%%

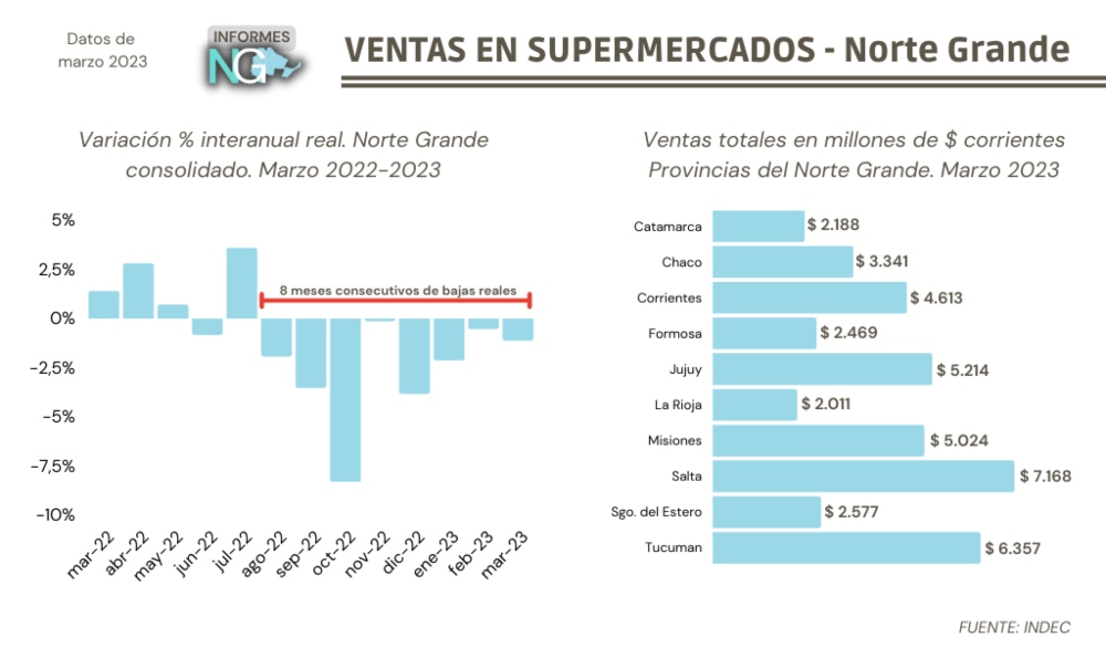 Según la Encuesta de Supermercados elaborada por el Instituto Nacional de Estadística y Censos (INDEC), a nivel nacional las ventas crecieron 3,8% pero tuvieron una caída de 1,1% en el Norte Grande consolidado. Para la consultora Politikon, encargada de recopilar los datos, “el consumo está en grave estado de alerta en la macrorregión al tratarse del octavo mes consecutivo con caídas”.
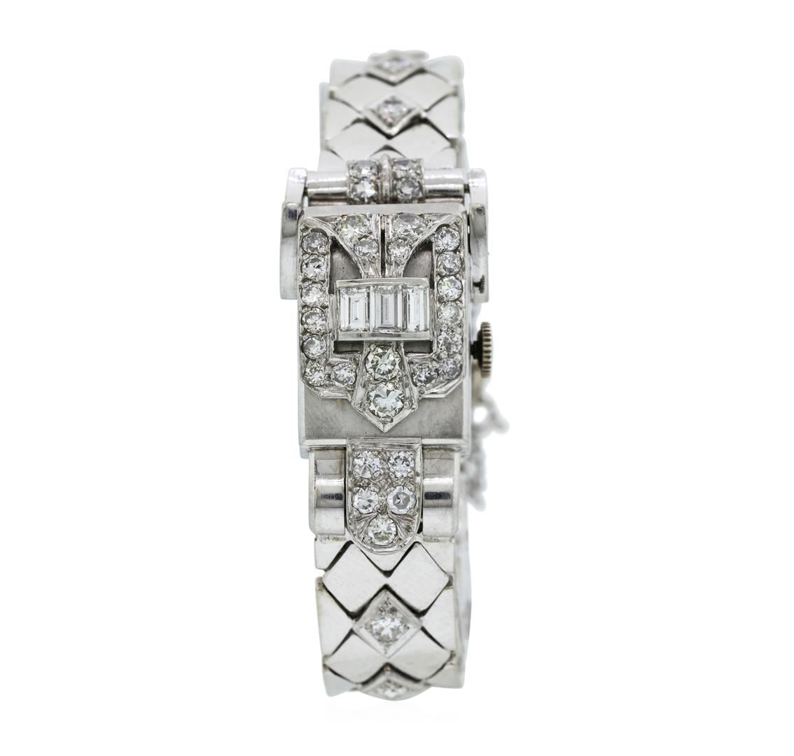 One lady's, hand fabricated Longines retangular shape case bracelet watch electronically tested platinum and 14KT white gold, Crown: pull-out, Crystal: flat glass, Movement: manual wind 17 jewel, Dial: silver satin with baton, pointed type hands and gold dot marker numerals, Bracelet: matching link style band, Condition: G-4 average. The featured wristwatch has a platinum case with an attached 14KT white gold strap. Containing: Four prong set round brilliant cut diamonds, measuring 3.20 - 2.90 x 1.89mm (depth est.) approximate total weight of 4 Stones = 0.40 ct. Graded in the setting. Color H - I Clarity SI-1 to SI-2 Cut Good Thirty-Seven prong set round brilliant cut diamonds, measuring 2.60 - 2.10 x 1.46mm (depth est.) approximate total weight of 37 Stones = 1.80 ct. Graded in the setting. Color H - J Clarity SI-1 to I-1 Cut Good Three channel set baguette cut diamonds, measuring from 4.00 x 2.50 x 2.13mm (depth est.) to 4.10 x 2.70 x 2.30mm (depth est.) approximate total weight of 3 Stones = 0.64ct. Graded in the setting. Color G - H Clarity VS-1 to VS-2 Cut Very Good. Total Weight of Diamonds 2.84ct.. Total Weight of Watch 54.90gm GAS Appraised at $9090.00. GAS Appraised.
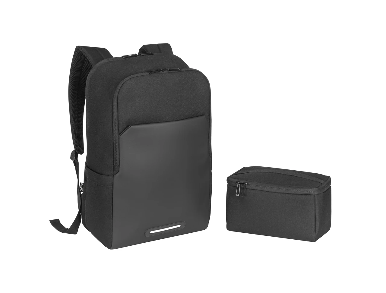 Иновативна комбинация от раница и термо чанта, които могат да се използват заедно или поотделно. Раницата е с вместимост от 20 L, и има отделение за лаптоп до 17,3". Включва предно отделение с подвижна преграда за термо чантата, преден джоб с цип, страничен джоб за бутилка, светлоотразителни детайли и презрамка за закачане за куфар. Термо чантата е с капацитет от 4,5 L и има PEVA изолация.

%%

> Task brief:
Copy the listing above word for word. Do not include the pictures.

> Written response:
 Según la Encuesta de Supermercados elaborada por el Instituto Nacional de Estadística y Censos (INDEC), a nivel nacional las ventas crecieron 3,8% pero tuvieron una caída de 1,1% en el Norte Grande consolidado. Para la consultora Politikon, encargada de recopilar los datos, “el consumo está en grave estado de alerta en la macrorregión al tratarse del octavo mes consecutivo con caídas”.
 One lady's, hand fabricated Longines retangular shape case bracelet watch electronically tested platinum and 14KT white gold, Crown: pull-out, Crystal: flat glass, Movement: manual wind 17 jewel, Dial: silver satin with baton, pointed type hands and gold dot marker numerals, Bracelet: matching link style band, Condition: G-4 average. The featured wristwatch has a platinum case with an attached 14KT white gold strap. Containing: Four prong set round brilliant cut diamonds, measuring 3.20 - 2.90 x 1.89mm (depth est.) approximate total weight of 4 Stones = 0.40 ct. Graded in the setting. Color H - I Clarity SI-1 to SI-2 Cut Good Thirty-Seven prong set round brilliant cut diamonds, measuring 2.60 - 2.10 x 1.46mm (depth est.) approximate total weight of 37 Stones = 1.80 ct. Graded in the setting. Color H - J Clarity SI-1 to I-1 Cut Good Three channel set baguette cut diamonds, measuring from 4.00 x 2.50 x 2.13mm (depth est.) to 4.10 x 2.70 x 2.30mm (depth est.) approximate total weight of 3 Stones = 0.64ct. Graded in the setting. Color G - H Clarity VS-1 to VS-2 Cut Very Good. Total Weight of Diamonds 2.84ct.. Total Weight of Watch 54.90gm GAS Appraised at $9090.00. GAS Appraised.
 Иновативна комбинация от раница и термо чанта, които могат да се използват заедно или поотделно. Раницата е с вместимост от 20 L, и има отделение за лаптоп до 17,3". Включва предно отделение с подвижна преграда за термо чантата, преден джоб с цип, страничен джоб за бутилка, светлоотразителни детайли и презрамка за закачане за куфар. Термо чантата е с капацитет от 4,5 L и има PEVA изолация.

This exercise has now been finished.